Your goal →
Using the listing below, copy exactly each line from the one that has "52 cm x 11 cm" through the one that has "对于一条费用为负的边 \((u, v, f, c)\)(\(f\)"; omit the pictures.

Records supplied →
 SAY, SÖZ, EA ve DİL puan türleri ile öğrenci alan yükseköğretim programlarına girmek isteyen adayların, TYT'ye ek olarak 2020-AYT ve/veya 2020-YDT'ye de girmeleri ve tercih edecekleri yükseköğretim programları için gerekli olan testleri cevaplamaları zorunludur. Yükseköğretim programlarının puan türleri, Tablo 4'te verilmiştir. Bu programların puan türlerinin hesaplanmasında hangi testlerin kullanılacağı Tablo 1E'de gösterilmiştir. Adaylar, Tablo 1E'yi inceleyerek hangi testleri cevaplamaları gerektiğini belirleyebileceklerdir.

---

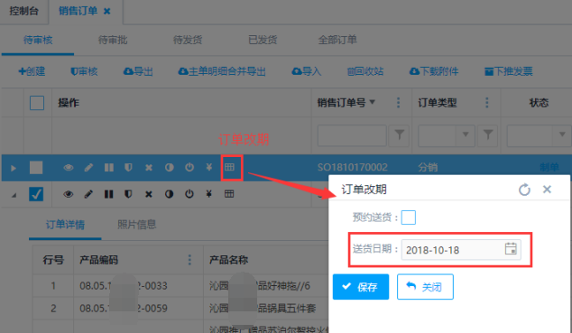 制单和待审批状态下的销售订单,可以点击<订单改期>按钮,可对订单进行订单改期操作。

==

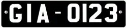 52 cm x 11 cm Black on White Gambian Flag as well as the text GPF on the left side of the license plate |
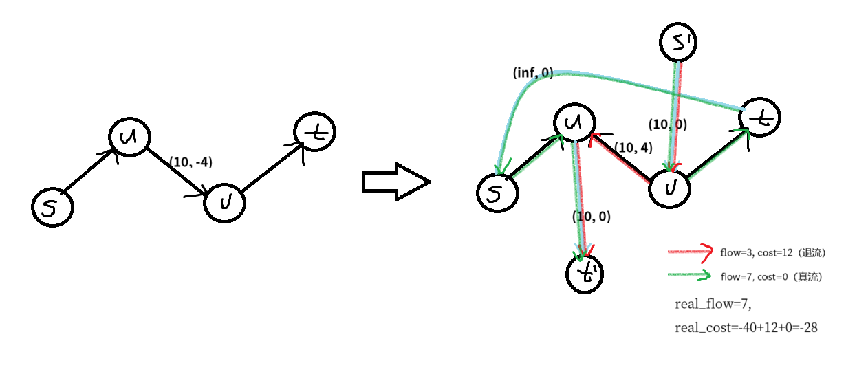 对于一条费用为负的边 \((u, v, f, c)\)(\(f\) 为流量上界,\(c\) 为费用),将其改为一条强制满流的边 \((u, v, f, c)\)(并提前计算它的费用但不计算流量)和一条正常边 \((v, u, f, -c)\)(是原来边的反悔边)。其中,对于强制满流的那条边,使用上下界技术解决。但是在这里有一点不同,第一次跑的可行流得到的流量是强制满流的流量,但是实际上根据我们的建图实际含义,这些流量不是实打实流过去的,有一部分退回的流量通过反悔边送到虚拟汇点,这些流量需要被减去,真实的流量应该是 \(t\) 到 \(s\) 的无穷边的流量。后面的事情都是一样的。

Output →
 52 cm x 11 cm Black on White Gambian Flag as well as the text GPF on the left side of the license plate |
 对于一条费用为负的边 \((u, v, f, c)\)(\(f\) 为流量上界,\(c\) 为费用),将其改为一条强制满流的边 \((u, v, f, c)\)(并提前计算它的费用但不计算流量)和一条正常边 \((v, u, f, -c)\)(是原来边的反悔边)。其中,对于强制满流的那条边,使用上下界技术解决。但是在这里有一点不同,第一次跑的可行流得到的流量是强制满流的流量,但是实际上根据我们的建图实际含义,这些流量不是实打实流过去的,有一部分退回的流量通过反悔边送到虚拟汇点,这些流量需要被减去,真实的流量应该是 \(t\) 到 \(s\) 的无穷边的流量。后面的事情都是一样的。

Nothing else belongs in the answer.